Most importantly, each student begins to see their own strengths more clearly—what already earns them marks, and what simply needs a little more shaping and control.
LESSON 1 Universal Writing Toolkit
A set of adaptable techniques that work across many different exam prompts – essentially a reusable framework.
Describing Place / Person / Object in a variety of ways
Controlled structure – Teaching students how to organise writing (zooming in on a character, detail, shifting tone, time, perspective)
Language toolkit (a bank of devices to write descriptively)
Strong starting and ending techniques (changes of direction / twists / reflective close)
LESSON 2 Writing a Description
5-paragraph structure
Zoom in / zoom out model - Moving from wide-angle to microscopic detail.
Descriptive language
Sensory detail system (5 senses)
Building atmosphere
LESSON 3 Storywriting/Narrative (short story)
Mastering the "Drop, Hint, Flash, Dash" narrative:
Drop the reader straight into something happening.
Hint at bigger meaning, tension, or backstory.

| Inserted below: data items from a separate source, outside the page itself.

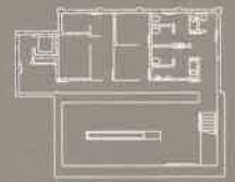
Sótano. El vino y los sentidos. Fundamentos de la cata

Second floor: Oenology. Traditional and modern winery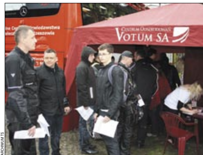
Przed rokiem większość potencjalnych krwiodawców odeszła z kwitkiem. Tym razem będzie inaczej.

Już w niedzielę do Sanoka po raz drugi zawita ogólnopolska akcja MOTOSERCE. Tym razem organizujący ją u nas Klub Motocyklowy PIRATES OF ROADS zdecydował się na zbiórkę krwi w lokalnej stacji, bo ubiegłoroczny przyjazd krwiobusu był kompletnym niewypałem.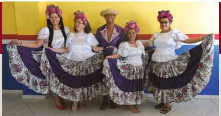
Atividades lúdicas como uma apresentação de Carimbó fizeram parte da programação de Belém

Já no Rio de Janeiro, também fizeram parte da programação treinamentos e orientações sobre segurança laboral, palestras dedicadas ao bem-estar no dia a dia profissional, à prevenção de doenças, uso de drogas, educação financeira, além de atividades paralelas, como aferição de pressão e ginástica laboral.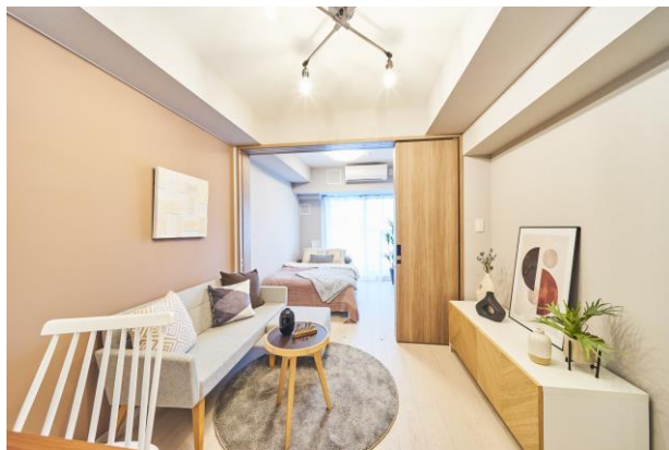
モデルルーム写真（B2タイプ・1DK）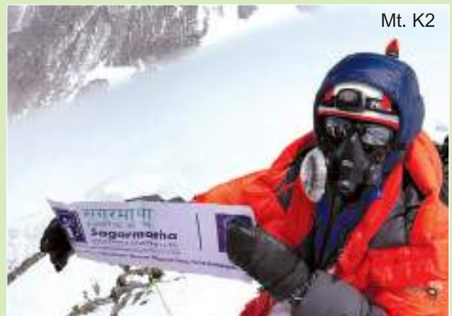
Sagarmatha Insurance reaching heights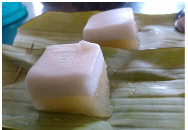
8. ขนมตะโก้มันสำปะหลัง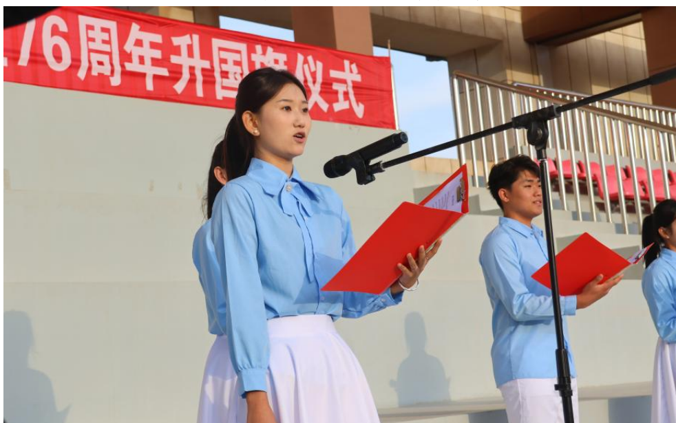
图 4-3 隆重举行“向国旗致敬、向祖国表白”庆祝中华人民共和国成立 76 周年升国旗仪式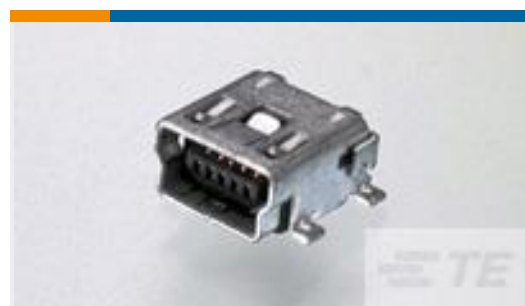
TE 产品编号1-1734035-2 MINI USB, TYPE B, R/A, SMT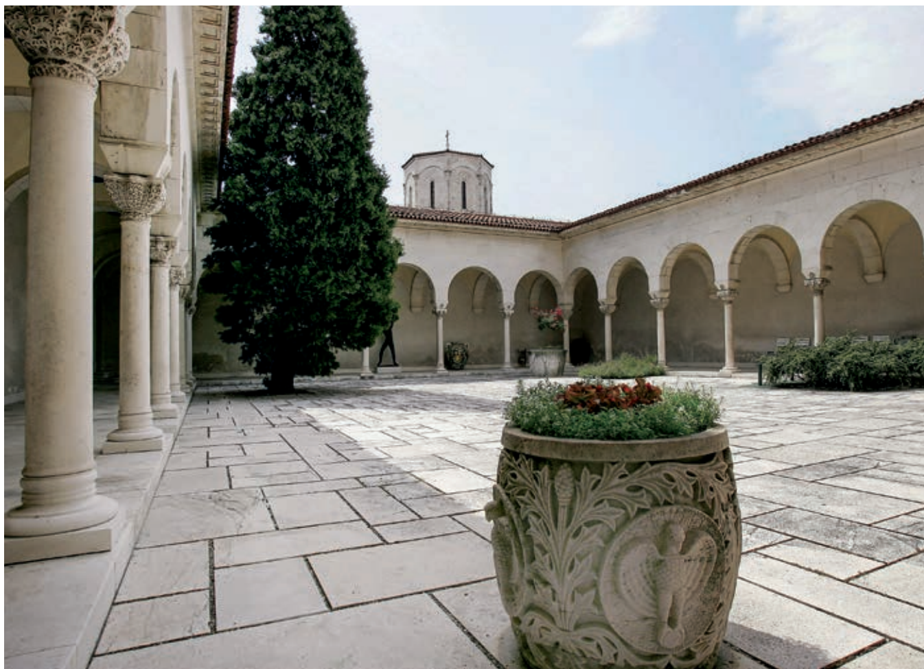
Сл. 90. Атријум Краљевског двора, Београд, 1924–1929.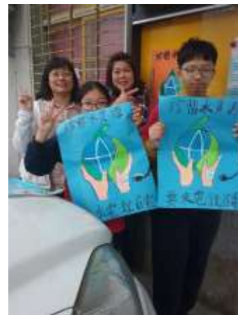
台美生態學校一學生至社區進行 節能愛地球宣導活動結合生態英 語教學。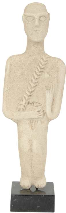
Αντίγραφο ειδωλίου ανδρικής μορφής που απεικονίζει κυνηγό.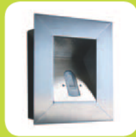
Wandeinbauset Edelstahl (vandalismushemmend)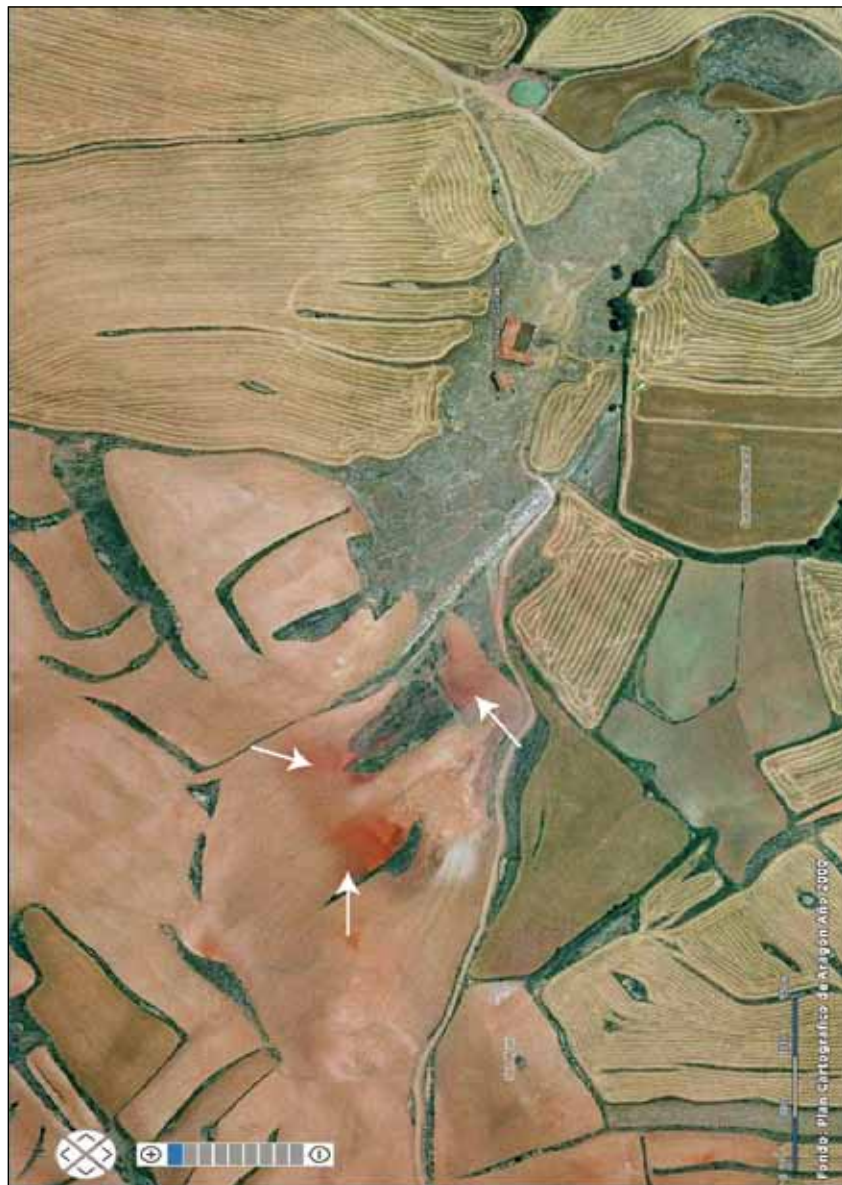
Figura 5. Localización de los posibles escoriales, señalados mediante flechas. © Lidia C. Allué Andrés, a partir de la ortofoto del año 2000, disponible en < http://sitar.aragon.es/visor/ >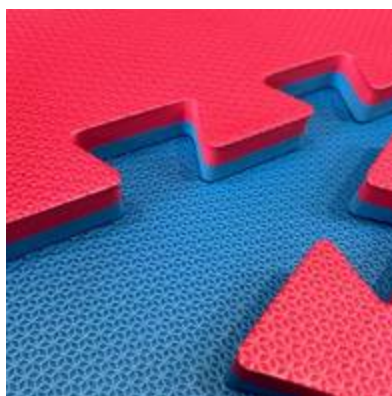
Foto em detalhe do produto: https://www.lojadecoratec.com.br/tatame-eva/tatame-eva-40mm-azul-royal-e-vermelho-1x1

Foto do produto empilhado: www.portotatames.com.br/tatame-profissional-1x1x40mm-encaixe-universal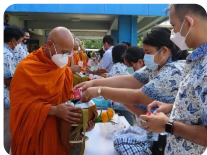
ภาพประกอบกิจกรรมทำบุญตักบาตรเนื่องในวันครบรอบวันสถาปนามหาวิทยาลัยการกีฬาแห่งชาติ วิทยาเขตยะลา วันที่ ๑๖ กุมภาพันธ์ ๒๕๖๕ ณ มหาวิทยาลัยการกีฬาแห่งชาติ วิทยาเขตยะลา จังหวัดยะลา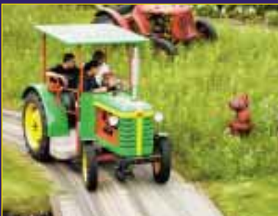
Für die Kleinen ein besonderes Erlebnis: Eine Fahrt mit dem Traktor vorbei an vielen bekannten Märchenszenen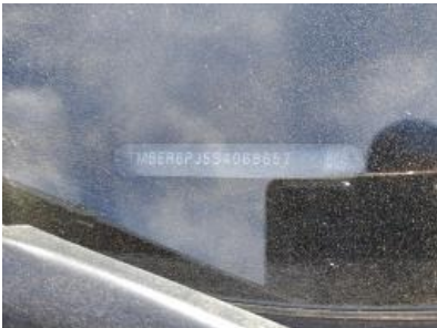
Imagen - 7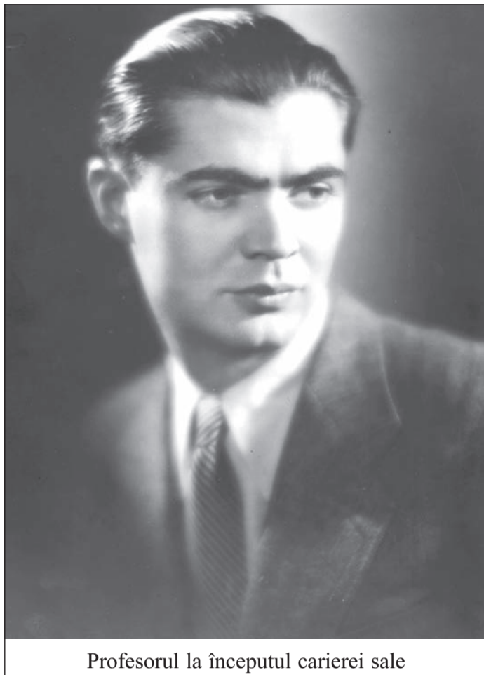
Profesorul la începutul carierei sale

A fost un om cu o putere de muncă ieșită din comun. Tatăl meu îmi povestea, că a făcut facultatea în această casă, a stat la mătușa lui, părinții erau la Buzău, după ce a terminat liceul a venit și a stat și a lucrat în această casă toată perioada studenției și a primilor ani de ucenicie în meseria medicală și tatăl meu, care locuia sus la etaj, îmi spunea că seara când venea acasă din oraș, la ore mai târzii, îl găsea cu lumina aprinsă studiind la birou, cu cărți, cu planșe, cu desene, cu scheme și dimineața la patru jumătate – cinci îl auzea făcând duș și cântând. Zicea: când a dormit omul ăsta? Acum pleacă la spital, la ora 6,30-7 fără un sfert-vară, iarnă, nu conta când-și când se întorcea acasă se apuca din nou de studiu până la 2-3 noaptea. Dormea extrem de puțin, muncea imens. Și toată activitatea lui, toate performanțele lui, profesionale medicale și umane, au arătat acest lucru: că munca aceasta, pasionată și extrem de ordonată, a dat niște rezultate formidabile.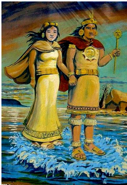
Manco Capac a Mama Ocllo vystupují z vod jezera Titicaca

Podle mytologie, synové Boha Slunce, Manco Capac a Mama Ocllo, se vynořili z hlubokých vod jezera Titicaca, aby založili incké impérium, srovnatelné svou s římským či egyptským. Inkové dokázali postavit na vysokou úroveň zemědělství, vodní hospodářství i stavebnictví a podle vzoru svých dávných předků, naučili se žít v souladu s přírodou v drsném a nehostinném prostředí andského Altiplana. Je proto naší povinností usilovat o zachování biodiverzity přírodního prostředí a původního ekosystému.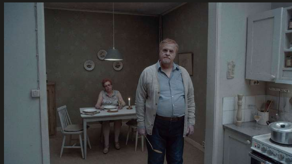
Кадр из фильма «О бесконечности» реж. Рой Андерссон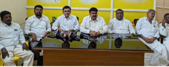
ప్రాధుటూరు, జనవరి 22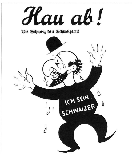
In den 30er und 40er Jahren wurden solch antisemitischen Karikaturen eines «Ostjuden» – wie MigrantInnen und Flüchtlinge aus dem östlichen Europa verächtlich genannt wurden – häufig publiziert.

Eine extrem restriktive Einbürgerungspraxis hielt den ausländischen Anteil hoch, was wiederum Anlass zu Angriffen auf die solchermaßen Ausgegrenzten bot. Es war eine neue Variante des mittlerweile klassischen Teufels-

Flashback, flash of insight, or revealing moment.
Move decisively to the ending.
4-stage story:
Setup
Build-up
Change
Ending shift
LESSON 4 Presenting an argument (Persuasive writing)
Thinking about the audience – who am I trying to convince
Persuasive writing (rhetorical) toolkit – using Ethos, Pathos, Logos to argue your point
argument engine:
opinion
argument
counter-argument
conclusion
LESSON 5 Article + Speech + Letter (same structure, different style and format)
Article = opinion + argument
Speech = persuasive + direct address
Letter = formal/informal tone control
LESSON 6 Writing practise in controlled timed environment
The final edit checklist.
The Punctuation Palette: Moving beyond the comma. Using semicolons and colons for dramatic effect.